The well-intentioned father/rabbi inadvertently let his young Ultra-orthodox princeling glance through the cracks in the the walls of the fortress of ultra-Orthodoxy. The tragedy is that this is something that neither Izzy’s older brother and sister as well as their extended families had ever done at such a young age, and try as he might, Izzy cannot bond and cleave to a pre-emancipated Jewish life that everyone else in his immediate and extended family seems to like and is happy to live in from cradle to grave.
Fortunately, Rita, the classically modern-Orthodox Jewishly-raised woman and eventually Izzy’s wife, is willing to accompany Izzy on his journey of exile. Izzy and Rita slowly and painfully go from a “narrow” but status-rich ultra-Orthodox life to a new life where they can embrace their Judaism which they claim as their birthright rather than being driven out to a desert of historical discontinuity. Izzy ultimately has to ignore his Rabbi-father’s devastating opposition to name his son after Izzy’s grandfather. That was Izzy's first open act of rebellion, the open claim of the family heritage on his own terms.
Izzy and Rita continue to struggle with the recurrent experiences of discontinuity and their children struggle with the effects of the the discontinuity. The well-intentioned roads are a paved at great cost until a place of congruence is found and traveled to. It's a lonely journey often travelled to other narrow places with peril and potentially disastrous outcomes. Just a couple of real-life situations I personally have had the opportunity to witness: A 12 year-old girl yanked out of a co-ed modern Orthodox school by her ultra-Orthodox dynastic court family for having a crush on a boy and married off by 16 to a ultra-Orthodox European banker and mother of two children by age 18. The tragic death of a lively-minded gay descendent of a venerated rabbinical line. Only two stories of dynastic children, such as Izzy, in the name of preserving the admittedly rich tradition and life of ultra-Orthodoxy lived and loved by many Jews.

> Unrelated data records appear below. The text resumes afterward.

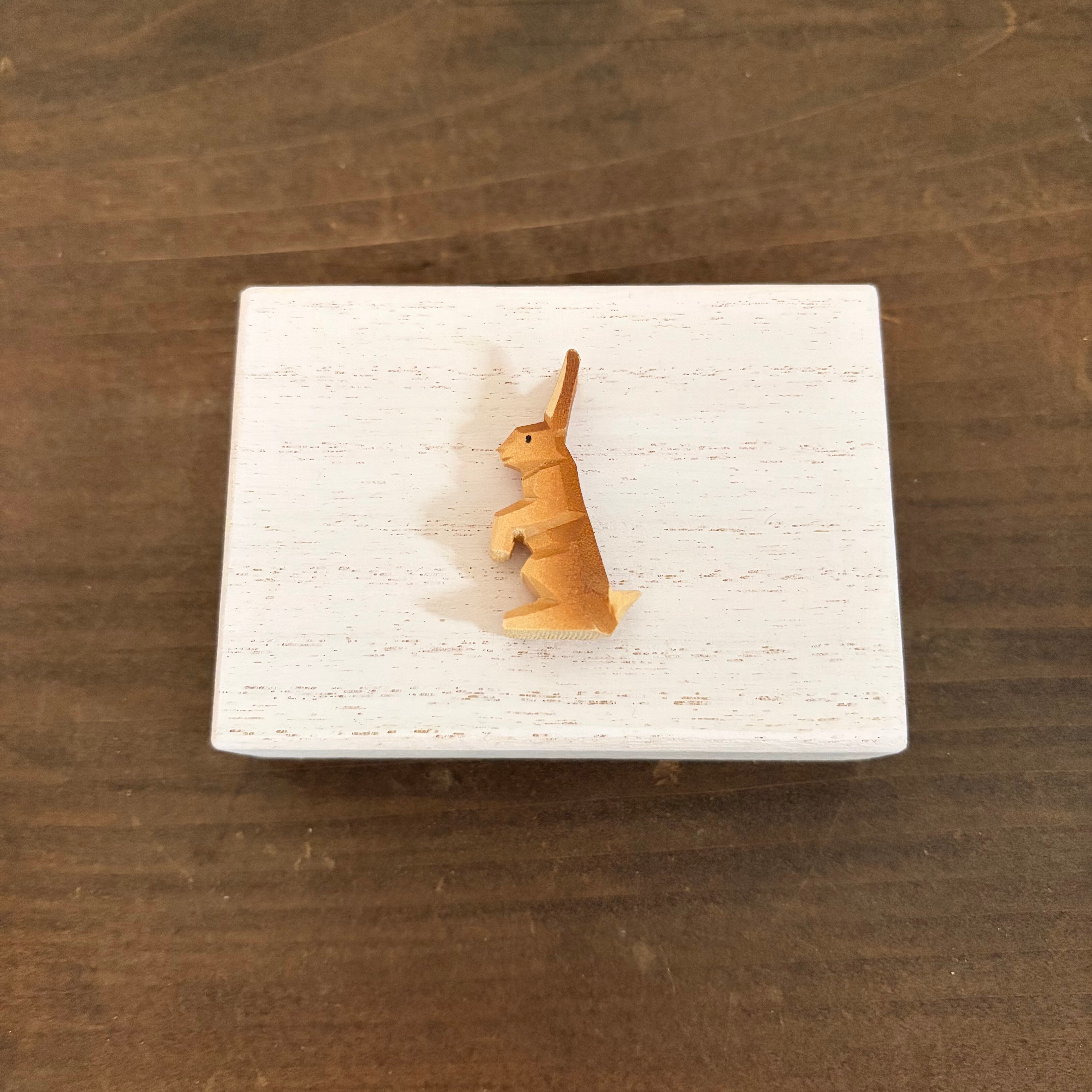 桐製の箱にさくら色を塗り、その上にドイツで見つけた木製のウサギを乗せました。
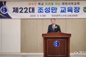 (케이시사타임즈) 대전서부교육지원청은 3월 3일, 제22대 조성만 교육장 취임식을 가졌다고 밝혔다. 조성만 교육장은 취임사를 통해 “아이들이 스스로 삶의 의미를 찾고 경로를 설계하는 자기주도적 역량을 길러주어야 한다”라며, “학교 현장 중심의 지원과 투명하고 합리적인 교육 행정을 통해 신뢰받는 서부교육을 만들겠다”라고 취임 소감을 밝혔다. 또한 소통과 협업이 살아있는 조직문화를 강조하며 “동료를 배려하는 따뜻한 마음을 바탕으로 전 직원이 한마음이 되어 학교 현장의 변화를 이끄는 행복한 서부교육을 만들어가자”라고 당부했다. 신임 조성만 교육장은 대전동부교육지원청 유초등교육과장, 대전교육정책연구소장, 대전서부초등학교장, 대전시교육청 초등교육과장 등 교육 관련 요직을 두루 거쳤으며, 이날 제22대 대전서부교육지원청 교육장에 취임했다.
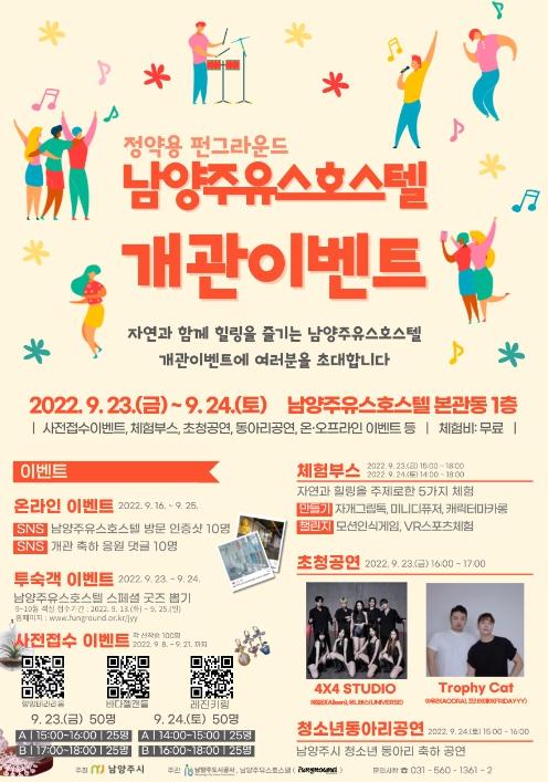 한편, 남양주유스호스텔은 청소년들의 체력향상과 정서 함양을 위해 주변 자연환경을 활용한 청소년 수련 프로그램과 댄스·문화·예술을 경험할 수 있는 다양한 특화프로그램을 운영할 계획이며, 청소년들을 위한 공간을 넘어 시민들의 힐링공간으로 자리매김하도록 힘쓸 예정이다.

The exercise of spiritual life-choice is not undertaken without hazard. The autobiographical author describes his ultra-Orthodox milieu, at one point, as a cult. He describes being slapped across the face for reciting a prayer for the State of Israel and being torn away from an idyllic religious-Zionist camp after two weeks, but the author neglects to elaborate on the schism between the ultra-Orthodox non-Zionism or anti-Zionism and the Zionism of the other streams of Judaism such as modern-Orthodox, Conservative and Reform that he explores and ultimately thrives in.
This book puts sorely needed flesh on a representative ultra-Orthodox dynasty, a group I often research and is the fastest growing demographic segment of the Jewish world, but is often only poorly understood and described in caricature. It is not a group that is going to fade in time, but rather ultra-Orthodox are emerging more and more in the crucial issues of the day within the life of the Jewish community of America and Israel because of their sheer demographic success. It’s a well-written contemporary personal journey with great Jewish descriptive and demographic relevance.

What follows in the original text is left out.